> [Exercise requirements]:
From the records below, output exactly the lines starting at the line with "Cotton tunic with" and ending at the line with "เสื้อโปโลเด็กผู้ชาย สีน้ำเงิน สลับขาว", both of them included, but no pictures.

(Stored dataset items)
- Opening Delimiter -

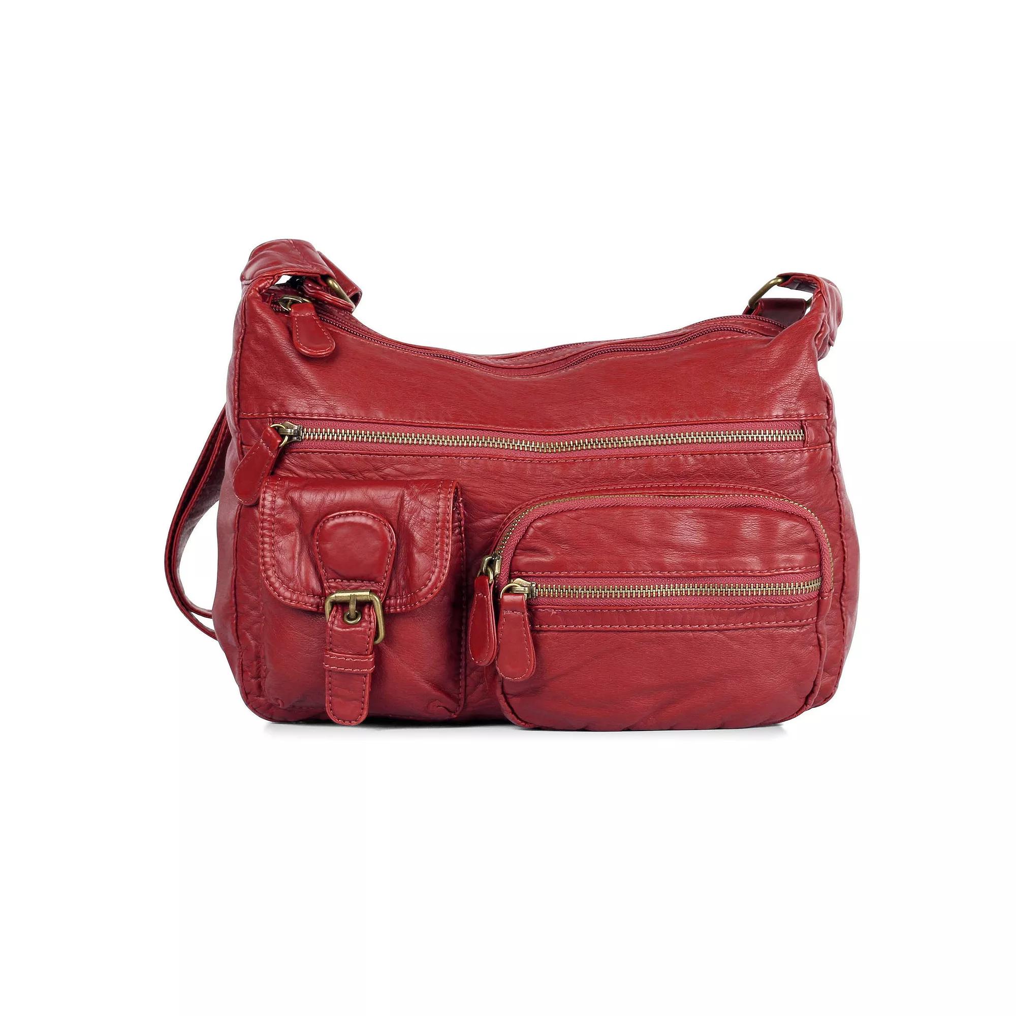Redefine the style of your everyday look with this stylish piece from Karla Hanson. Redefine the style of your everyday look with this stylish piece from Karla Hanson. HANDBAG FEATURES Water repellent Features a pre-wash treatment for a real leather feelHANDBAG DETAILS 13W x 4.3D x 9.4H Crossbody strap: 15 - 26 Adjustable crossbody strap Closure type: Zipper Exterior: 3 zip pockets, 1 magnetic snap pocket Interior: 1 zip pocket, 1 slip pocketCONSTRUCTION & CARE Polyurethane Lining: polyester Spot clean Imported Size: One Size. Gender: female. Age Group: adult.
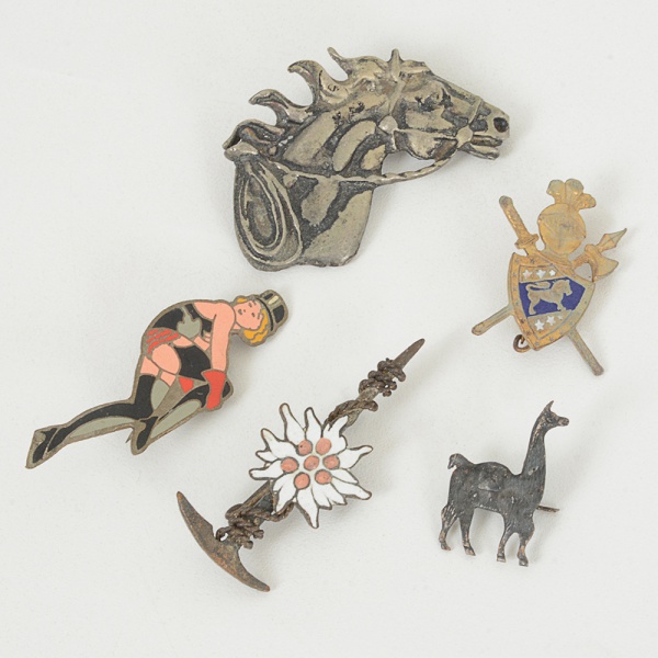 • BIJUTERIAS, cinco (5) broches distintos, confeccionados em metal dourado e prateado, três deles com esmalte,vide foto.
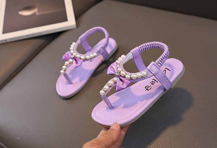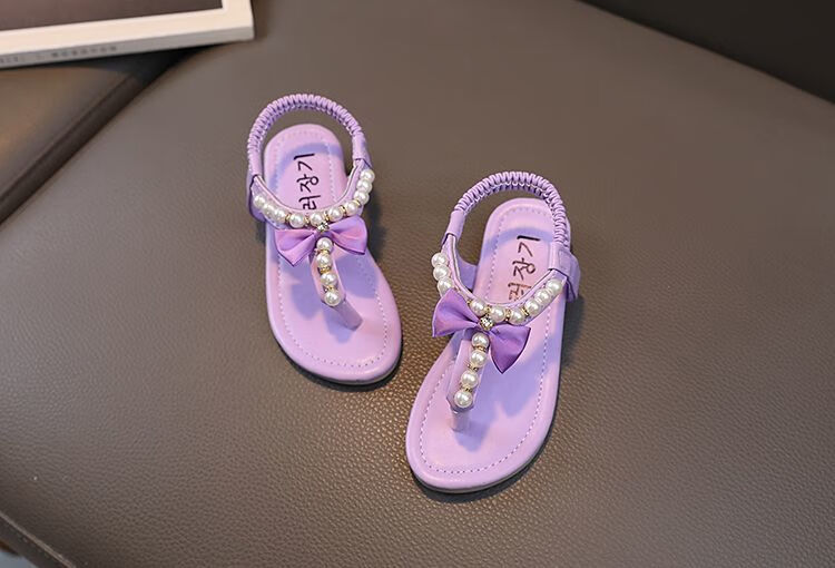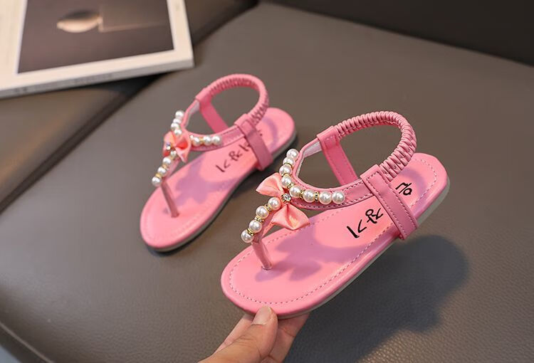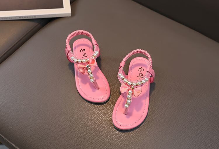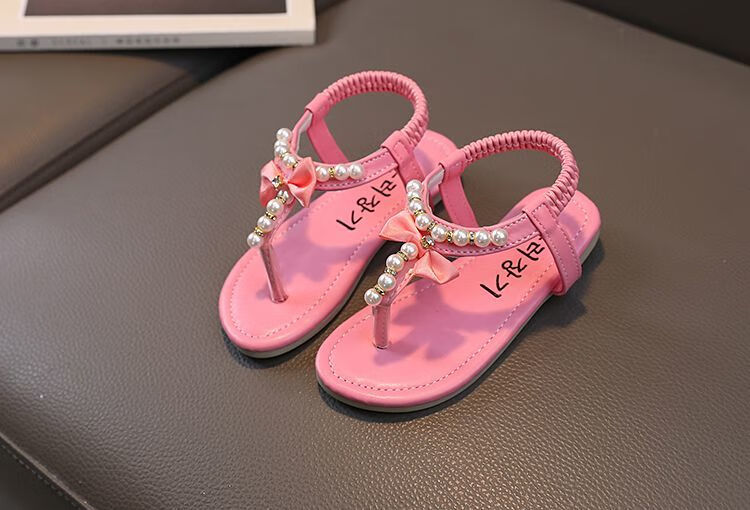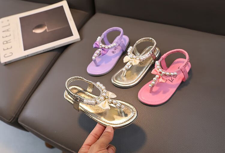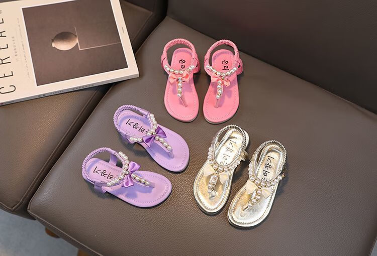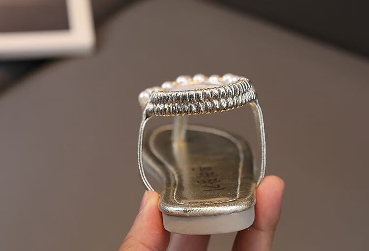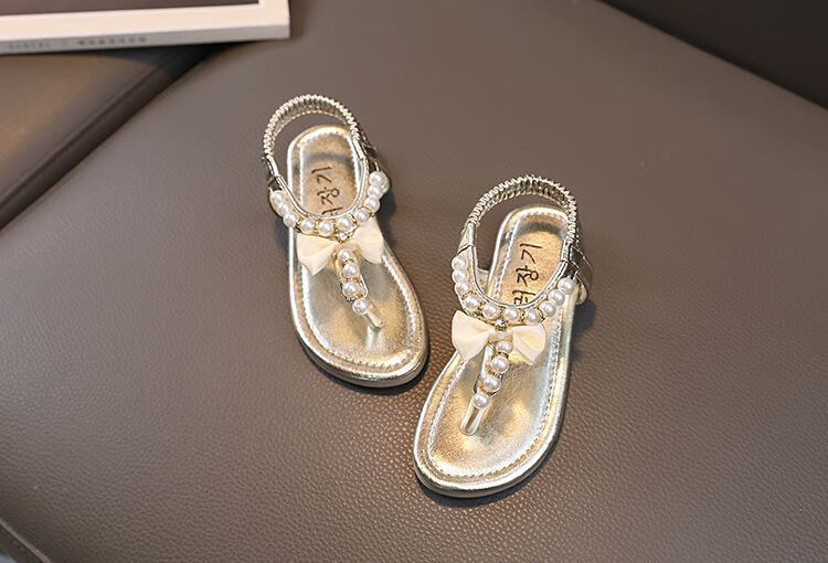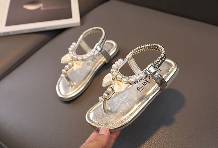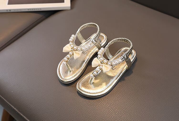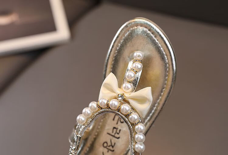 Rui Menghua girls' sandals new fashion Korean style little princess flip-flops for children and girls summer princess shoes for baby middle and large children gold 33 shoe inner length 20.5cm
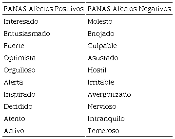 En cuanto a la experiencia emocional de los estudiantes durante el ejercicio de las matemáticas se investigaron 2 componentes generales dominantes de la experiencia emocional, etiquetados típicamente como afectos positivos y afectos negativos. Para medir estos factores, Watson et al. (1988) desarrollaron la escala de afectos positivos y negativos (PANAS), que consiste en 2 escalas de 10 ítemes cada una (ver Tabla I). A los participantes se les pide que califiquen cuando experimentan distintas emociones expresadas en 10 palabras (por ejemplo: interesado, orgulloso, irritable, hostil, etc.) indicando el grado en el que sienten cada una de ellas durante el quehacer matemático según una escala de 5 puntos (desde muy leve a muchísimo). El instrumento ha sido validado en este formato, mostrando a través de análisis factorial confirmatorio que el modelo más adecuado (robust comparative fit index = .94) consiste en dos factores correlacionados (ver Crawford y Henry, 2004) que aparecen de forma consistente en distintas culturas, formatos de respuesta y lenguas, incluyendo el español (Dufey y Fernandez, 2012; Moriondo et al., 2012; Robles y Paez, 2003).
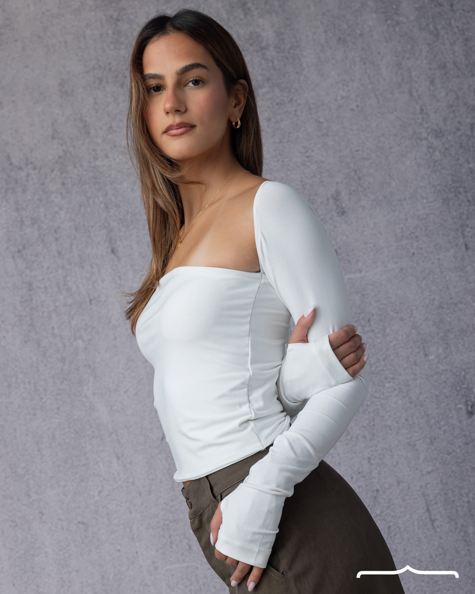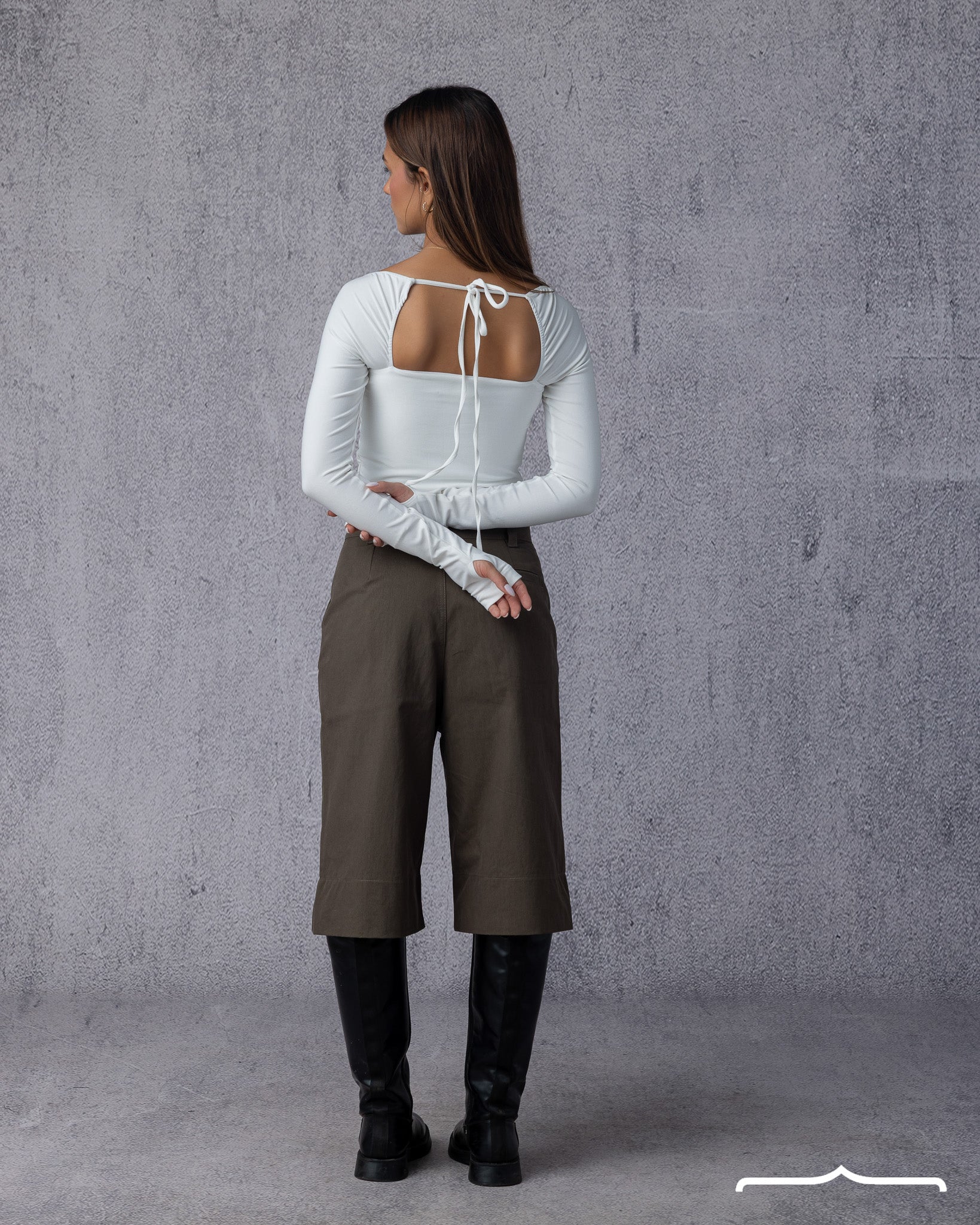 A sleek, seamless blouse featuring an open back design. Minimal yet striking, crafted for an effortlessly elegant look.
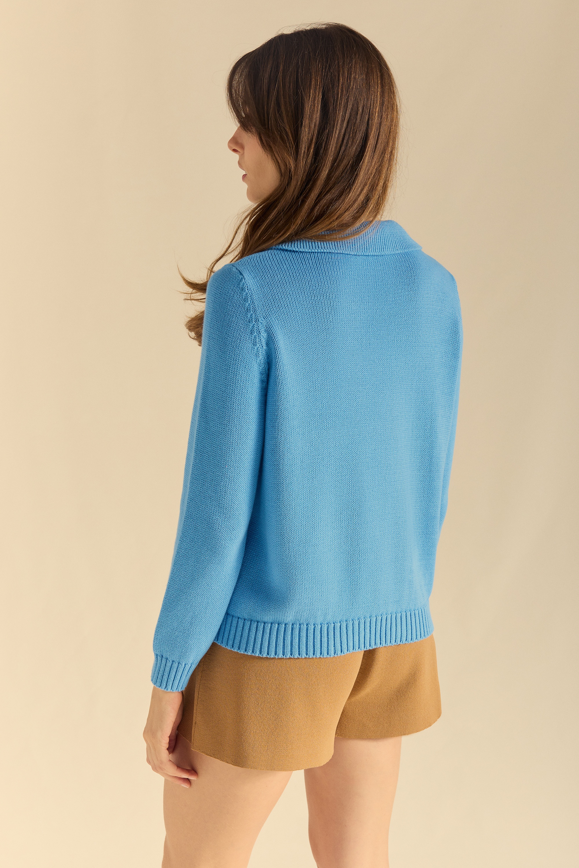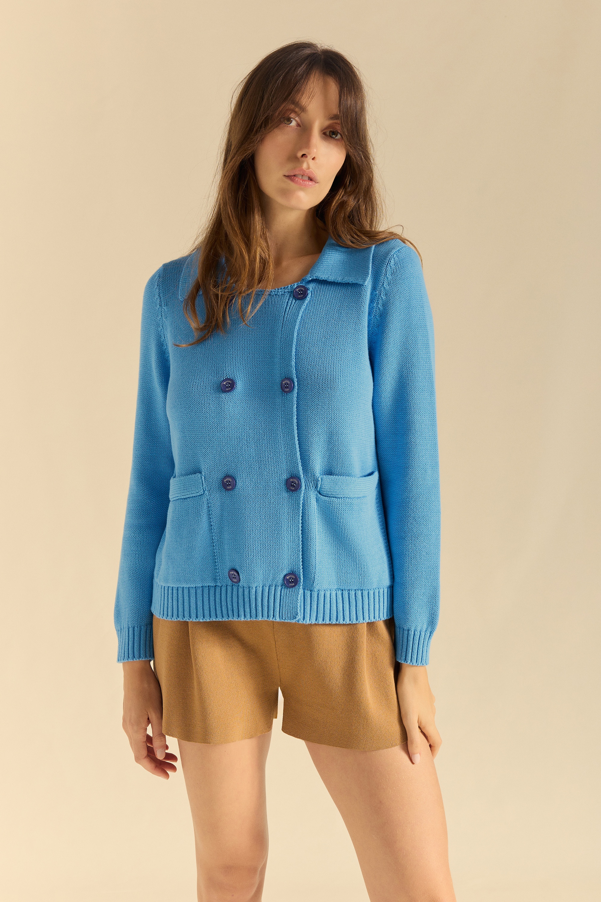 Cotton tunic with set-in sleeves. Lapel collar and double-button placket. Ribbed cuffs and hem.
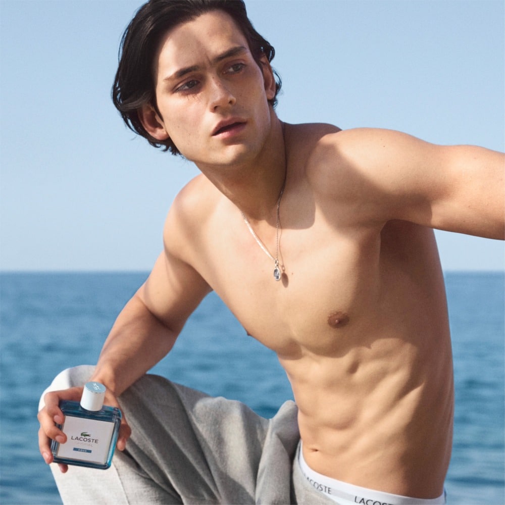 The bottle design reflects Lacoste’s signature blend of sport and sophistication. Crafted in sleek transparent glass, the flacon showcases the cool aqua-toned fragrance within, echoing the refreshing Mediterranean inspiration of the scent. Its clean lines and minimalist rectangular shape are complemented by refined metallic accents and the iconic Lacoste crocodile emblem, creating a design that feels modern, elegant and instantly recognisable. The colour palette of cool aquatic blues and clear glass reinforces the fragrance’s theme of freshness and freedom.
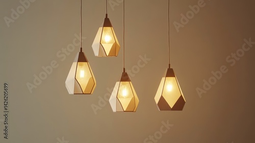 A series of modern minimalist pendant lights with geometric shapes hanging in a line, casting a warm glow against a neutral background, perfect for interior design concepts.
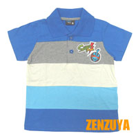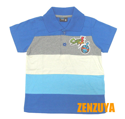 เสื้อโปโลเด็กผู้ชาย สีน้ำเงิน สลับขาว เทา ฟ้า
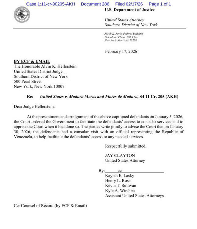 El juez Alvin Hellerstein, encargado del caso de Nicolás Maduro y de su esposa, Cilia Flores, informó el pasado 17 de febrero que ambos enjuiciados recibieron visita consular el pasado 30 de enero, tal como se solicitó el 5 de enero, día en que compareció ante el juez en Nueva York.
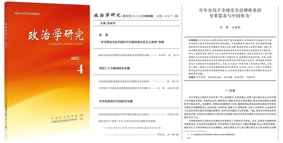 近日,william威廉亚洲官方、国家发展与安全研究院经理肖晞教授团队在《政治学研究》2023年第4期发表题为《百年变局下全球安全治理体系的变革需求与中国作为》的文章。该文紧扣百年变局下全球安全治理体系为何频繁失灵却难以实现变革的重大问题,提出“中国引领+协同共治”模式,从塑造和优化两个层面推进全球安全治理体系变革。
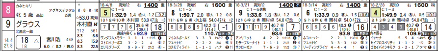 | 9 | 3 | トゥルエノ | 上田将 | 31 | ◎ | ○ | 6 | 5 | 4 | エイシンルフィー | 木村直 | 30 | ○ | 注 | 2 | 3 |
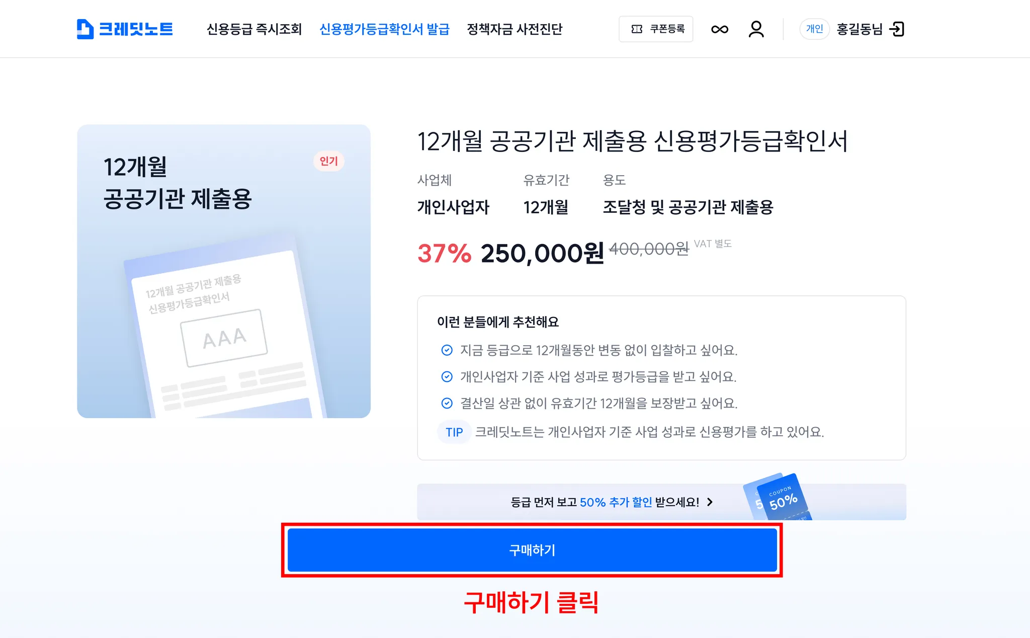 3. 등급확인서 상세페이지에서 구매하기 버튼을 클릭해주세요
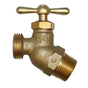 3/4" MIP Brass (No Lead) Boiler Drain with Hose Bibb and Angle Outlet (30 Degrees, 3/4" Hose Thread Outlet) | BBDNL75MA
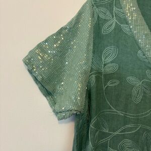 • Features: V-neck, short sleeves, side pockets, tunic style, floral embroidery with clear sequin detail, plain linen back
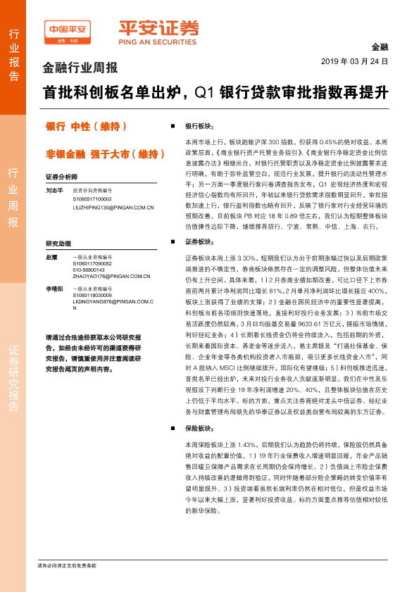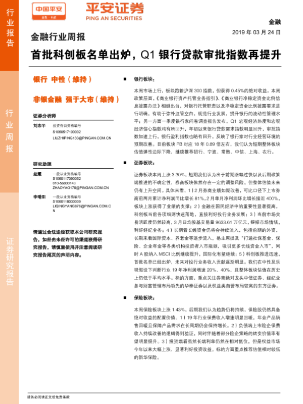 【平安证券】【20190324】金融行业周报:首批科创板名单出炉,Q1银行贷款审批指数再提升-10页
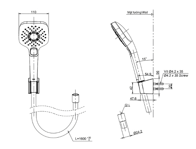 - Sản phẩm gồm gác sen, không gồm cút nối tường

- Closing Delimiter -

> [Response]:
 Cotton tunic with set-in sleeves. Lapel collar and double-button placket. Ribbed cuffs and hem.
 The bottle design reflects Lacoste’s signature blend of sport and sophistication. Crafted in sleek transparent glass, the flacon showcases the cool aqua-toned fragrance within, echoing the refreshing Mediterranean inspiration of the scent. Its clean lines and minimalist rectangular shape are complemented by refined metallic accents and the iconic Lacoste crocodile emblem, creating a design that feels modern, elegant and instantly recognisable. The colour palette of cool aquatic blues and clear glass reinforces the fragrance’s theme of freshness and freedom.
 A series of modern minimalist pendant lights with geometric shapes hanging in a line, casting a warm glow against a neutral background, perfect for interior design concepts.
 เสื้อโปโลเด็กผู้ชาย สีน้ำเงิน สลับขาว เทา ฟ้า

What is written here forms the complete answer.